About this task. Would you retype the whole listing verbatim, keeping pictures out of it?

####

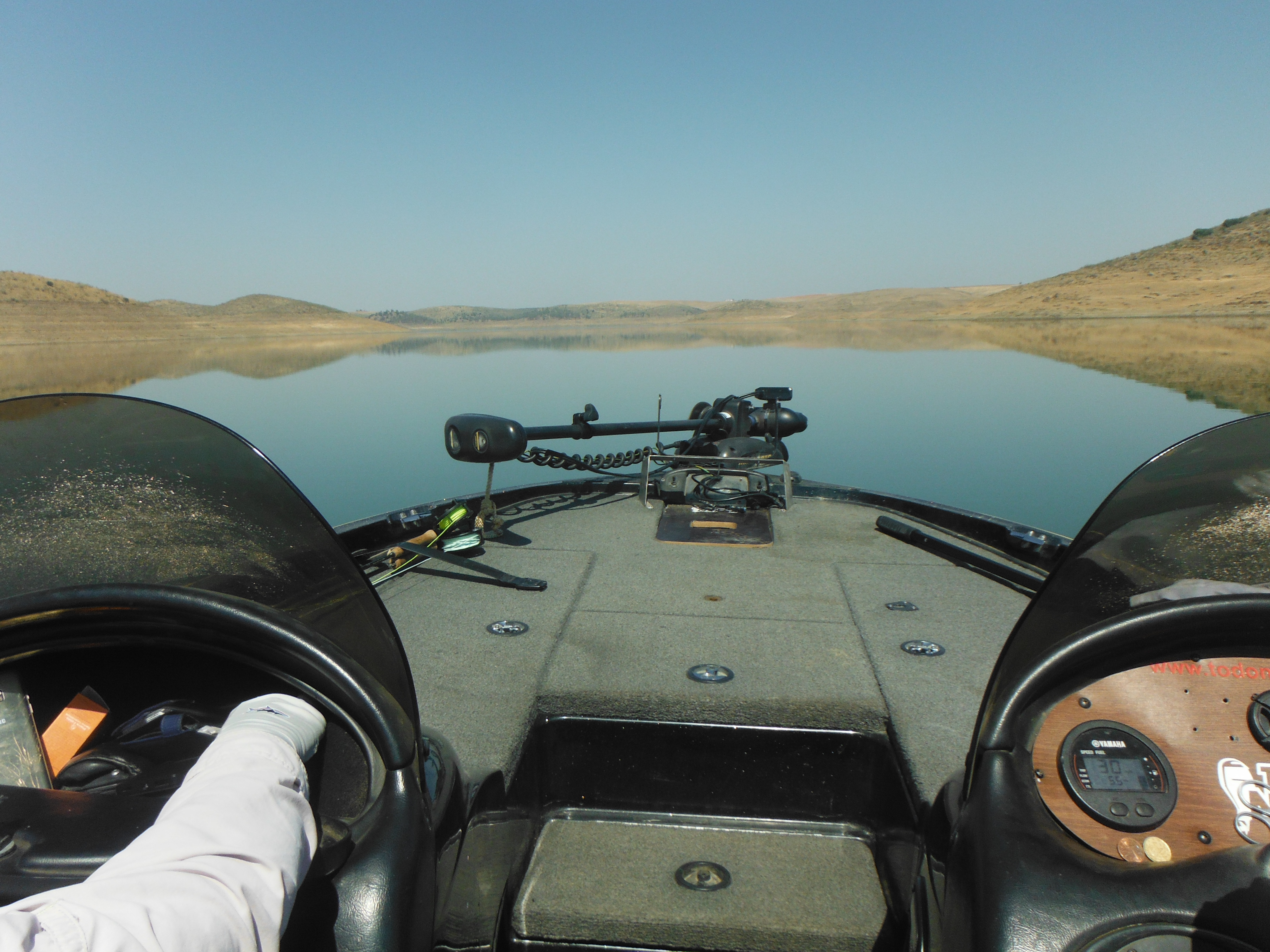 On Wednesday Steve Lawler and I chucked our stuff in the back of the car and headed off to Extremadura to see if we could catch a few fish on La Serena reservoir. We planned to go afloat with a local guide who Steve had fished with in the past and that turned out to be a good call. La Serena is a huge reservoir. By capacity it is the second largest in the Iberian peninsula after Alqueva Reservoir in Portugal, but if you measure by the length of the shoreline, it takes top spot. It is hard to imagine the scale of this thing. From the dam wall you can travel 70 kilometres to the other end.
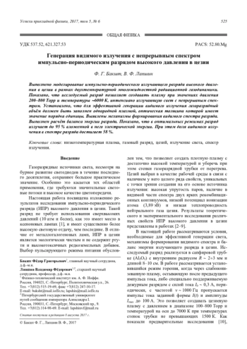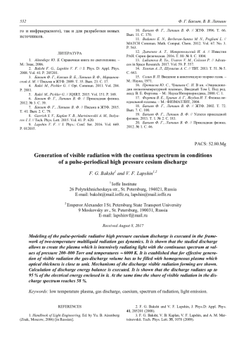 Бакшт Ф. Г., Лапшин В. Ф. Генерация видимого излучения с непрерывным спектром импульсно-периодическим разрядом высокого давления в цезии 525
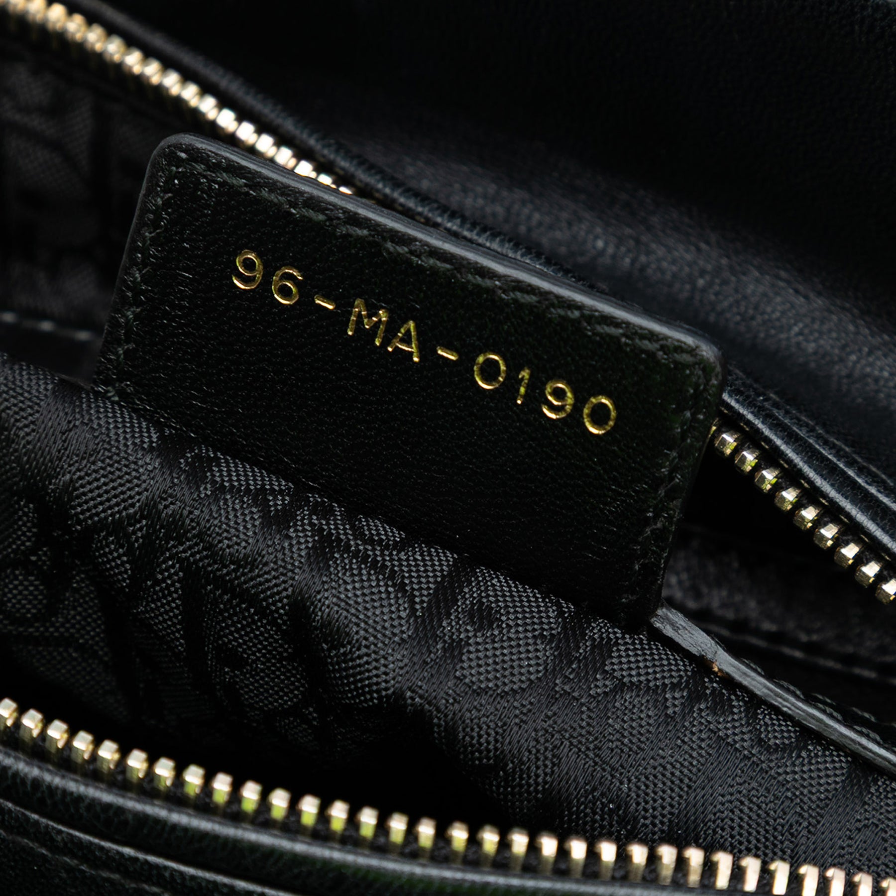 Le Lady Dior est doté d'un corps en cuir d'agneau matelassé orné de perles, de poignées supérieures plates en cuir, d'une bandoulière plate amovible en cuir, d'une fermeture zippée sur le dessus et d'une poche intérieure zippée. Il est en bon état.
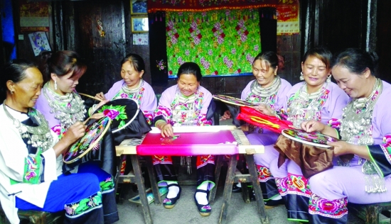 ▲ 十八洞村妇女在老支书石顺莲家中绣苗绣。
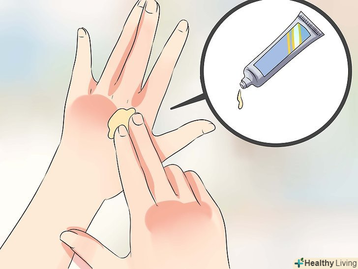 Нанесіть на рану безрецептурну мазь з антибіотиком. Це запобіжить зараження. Такі мазі (Тетрациклін, Левомеколь) можна купити в найближчій аптеці.[10]-

####

Your solution.
 On Wednesday Steve Lawler and I chucked our stuff in the back of the car and headed off to Extremadura to see if we could catch a few fish on La Serena reservoir. We planned to go afloat with a local guide who Steve had fished with in the past and that turned out to be a good call. La Serena is a huge reservoir. By capacity it is the second largest in the Iberian peninsula after Alqueva Reservoir in Portugal, but if you measure by the length of the shoreline, it takes top spot. It is hard to imagine the scale of this thing. From the dam wall you can travel 70 kilometres to the other end.
 Бакшт Ф. Г., Лапшин В. Ф. Генерация видимого излучения с непрерывным спектром импульсно-периодическим разрядом высокого давления в цезии 525
 Le Lady Dior est doté d'un corps en cuir d'agneau matelassé orné de perles, de poignées supérieures plates en cuir, d'une bandoulière plate amovible en cuir, d'une fermeture zippée sur le dessus et d'une poche intérieure zippée. Il est en bon état.
 ▲ 十八洞村妇女在老支书石顺莲家中绣苗绣。
 Нанесіть на рану безрецептурну мазь з антибіотиком. Це запобіжить зараження. Такі мазі (Тетрациклін, Левомеколь) можна купити в найближчій аптеці.[10]-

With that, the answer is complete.